7

Currently I am using the following code to print a large data structure

print(json.dumps(data, indent=4))

I would like to see all the integers that get printed in hex instead of decimal. Is that possible? It seems that there is no way to override the existing encoder for integers. You can only provide a default for types not already handled by the JSONEncoder class, but no way to override how it encodes integers.

I figured out I can override the default integer printing behavior using sys.displayhook if I was running in the command line but I am not.

Just for reference the data structure is a mix bag of dicts, lists, strings, ints, etc. So that is why I went with the json.dumps(). The only other way I can think of doing it is to parse it myself and then I would be re-writing the json module.
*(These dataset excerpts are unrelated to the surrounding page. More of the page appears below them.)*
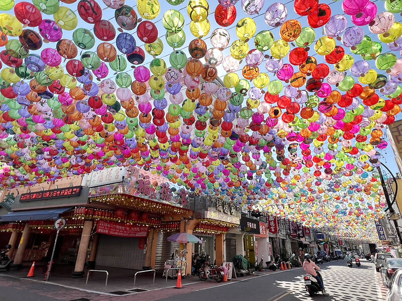 Colorful lanterns hanging above Taiping Old Street in Yunlin County ‘s Douliou City are pictured yesterday. The city’s mayor said the lanterns are to be lit up from the evening of Dec. 21 in celebration of the New Year.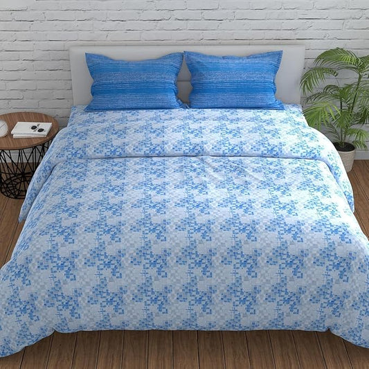 Huesland by Ahmedabad Cotton 144 TC King Size Bedsheet Cotton with 2 Pillow Covers | Grid | Blue, Grey & White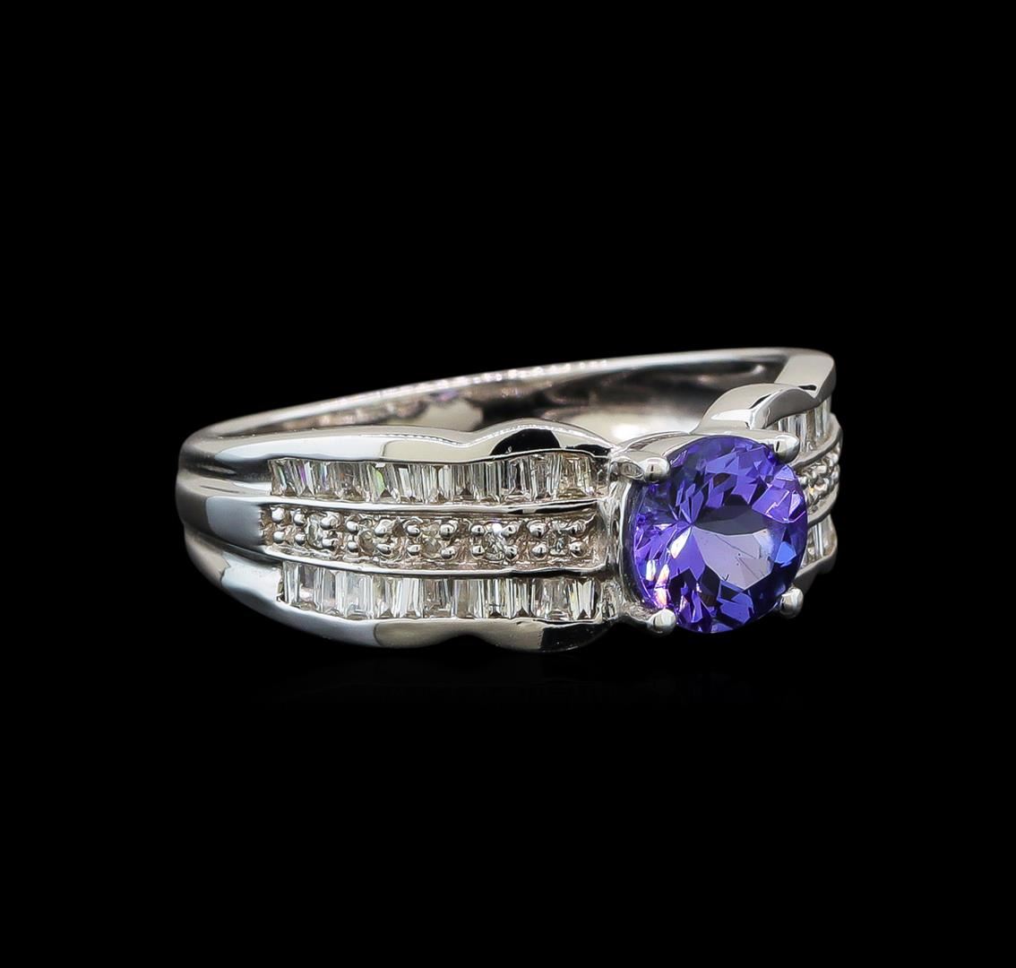 One electronically tested 14KT white gold ladies cast tanzanite and diamond ring with a bright polish finish. Identified with markings of "14K". Condition is new. Containing: One prong set round modified brilliant cut natural tanzanite, measuring 5.80 - 5.80 x 3.77 mm, approximate weight of 0.85ct., clarity is eye clean, type I, medium light, very slightly grayish, violet color, (GIA V 4/3), cut is good. Ten prong set round brilliant cut diamonds, measuring 1.10 - 1.10 x 0.66mm (depth est.) approximate total weight of 10 Stones = 0.05ct. Clarity: SI-2 to I-1. Color: I - J. Forty-Eight channel set baguette cut diamonds, measuring 1.30 x 1.00 x 0.85mm (depth est.) approximate total weight of 48 Stones = 0.49ct. Clarity: I-1 to I-2. Color: I - J. Colored gemstones are presumed to have been subjected to commonly used enhancement processes. All diamonds and colored gemstones are graded in the mounting, unless otherwise stated. Total Weight of Colored Stones 0.85ct. Total Weight of Diamonds 0.53ct. Total Weight of Ring 3.20 grams. GGL Appraised at $1,890.00.

Update: So I ended up implementing it with serializing functions that just print a copy of the original data structure with all integer types converted to hex strings:

def odprint(self, hexify=False):
    """pretty print the ordered dictionary"""
    def hexify_list(data):
        _data = []
        for i,v in enumerate(data):
            if isinstance(v, (int,long)):
                _data.insert(i,hex(v))
            elif isinstance(v,list):
                _data.insert(i, hexify_list(v))
            else:
                _data.insert(i, val)
        return _data

    def hexify_dict(data):
        _data = odict()
        for k,v in data.items():
            if isinstance(v, (dict,odict)):
                _data[k] = hexify_dict(v)
            elif isinstance(v, (int, long)):
                _data[k] = hex(v)
            elif isinstance(v,list):
                _data[k] = hexify_list(v)
            else:
                _data[k] = v
        return _data

    if hexify:
        print(json.dumps(hexify_dict(self), indent=4))
    else:
        print(json.dumps(self, indent=4))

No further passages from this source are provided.